Source data.
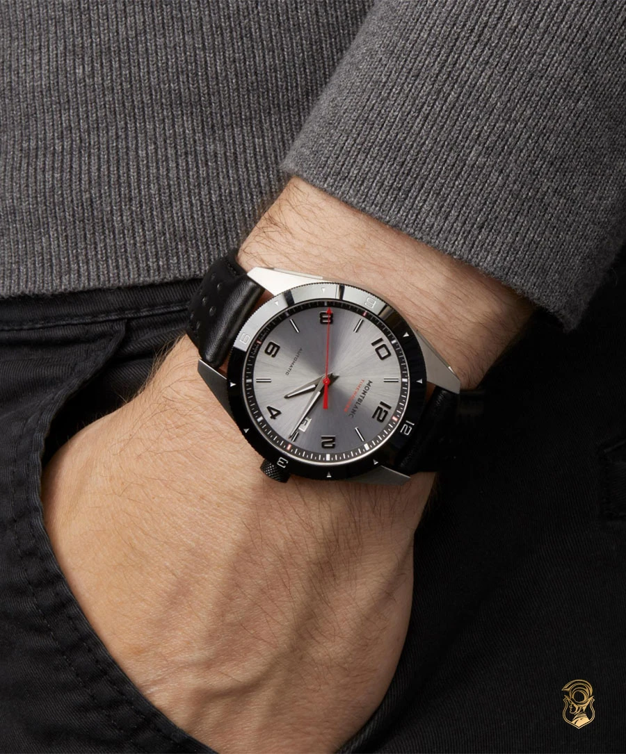 Lấy cảm hứng từ sự đơn giản và rõ ràng của đồng hồ tốc độ ô tô cổ điển, mặt số của chiếc đồng hồ này tập trung vào chỉ báo thời gian thiết yếu thông qua độ tương phản mạnh mẽ giữa màu trắng bạc và đen. Các chữ số Ả Rập lớn cùng kim phút và kim phút được phủ Super-LumiNova® mang lại khả năng đọc hoàn hảo, với kim giây trung tâm mang tính biểu tượng lần đầu tiên bắt mắt với màu đỏ và mũi tên Minerva nổi bật ở đầu. Chỉ báo ngày nằm gần chữ số 15 phút ở vị trí 3 giờ. Viền gốm đen sáng bóng với các chữ số và chỉ số giờ có thể được xoay một chiều để biểu thị múi giờ thứ hai. Để cầm nắm tốt hơn, nó có đường khía ở bên cạnh, lấy cảm hứng từ nắp bình xăng của những chiếc xe đua cổ điển. Để có độ tin cậy và hiệu suất tối đa, vỏ thép không gỉ satin 41 mm với các sừng bán khung có khả năng chịu nước ở độ sâu 100 mét và đã được kiểm tra nghiêm ngặt bởi Phòng thí nghiệm Montblanc 500. Đồng hồ có thể được đeo với dây đeo bằng da màu đen có lỗ không đối xứng hoặc dây đeo cổ tay bằng thép không gỉ ba liên kết mới, hiệu suất cao.
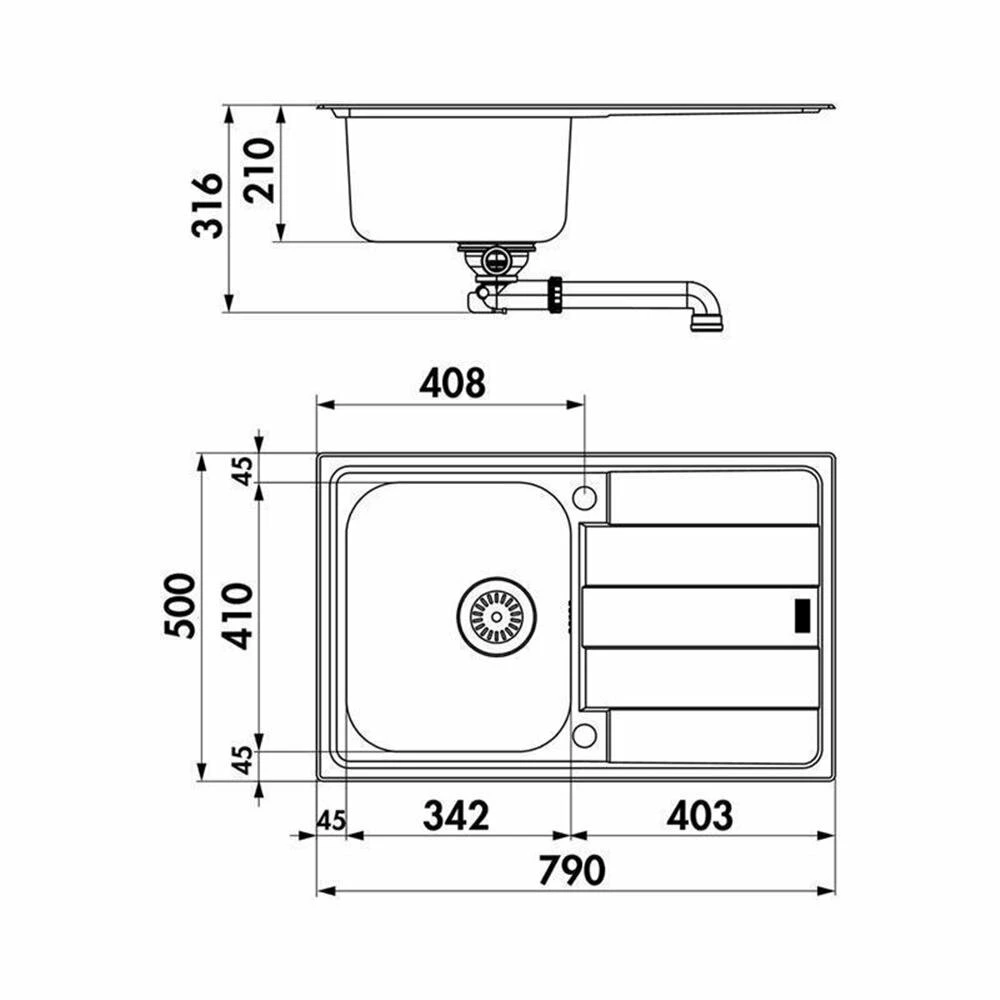 - Spülenmaß: B 790 x T 500 mm
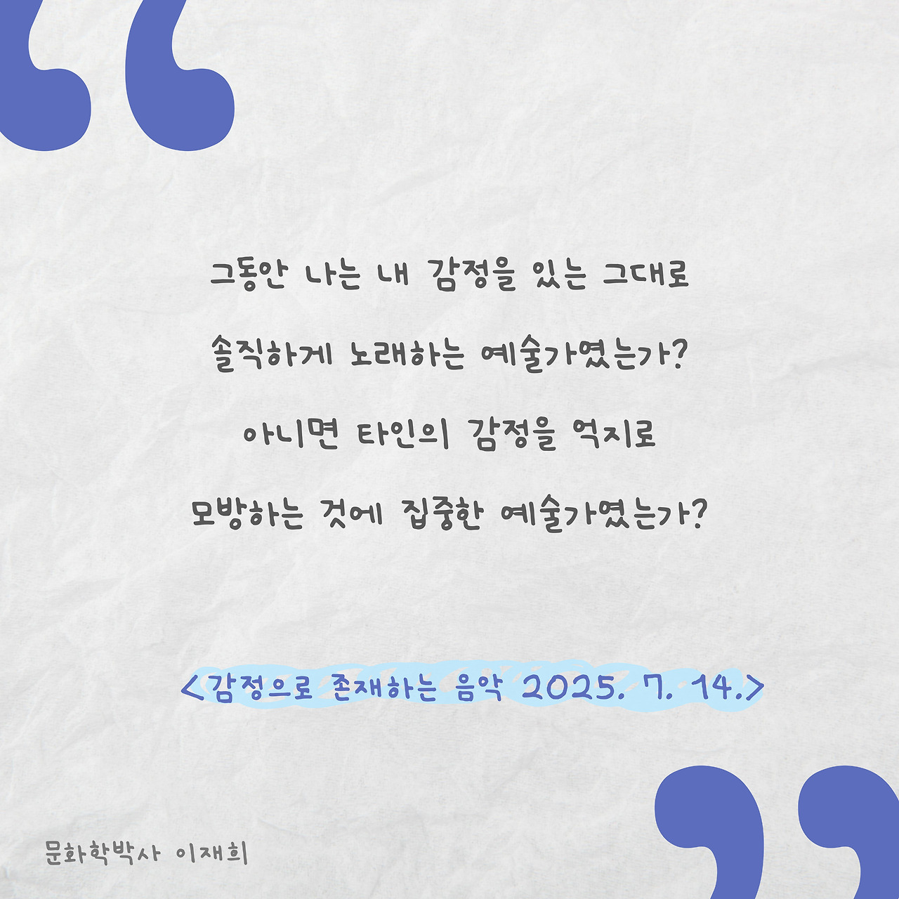 이 글의 화자인 나도 예술가로서의 나 자신에게 질문해 본다. 그동안 나는 내 감정을 있는 그대로 솔직하게 노래하는 예술가였는가? 아니면 타인의 감정을 억지로 모방하는 것에 집중한 예술가였는가?

Work request.
Your answer must be the lines from the line containing "- Spülenmaß: B 790 x T 500 mm" through the final line of the data, written out exactly, both ends included and pictures left out.

Written response.
 - Spülenmaß: B 790 x T 500 mm
 이 글의 화자인 나도 예술가로서의 나 자신에게 질문해 본다. 그동안 나는 내 감정을 있는 그대로 솔직하게 노래하는 예술가였는가? 아니면 타인의 감정을 억지로 모방하는 것에 집중한 예술가였는가?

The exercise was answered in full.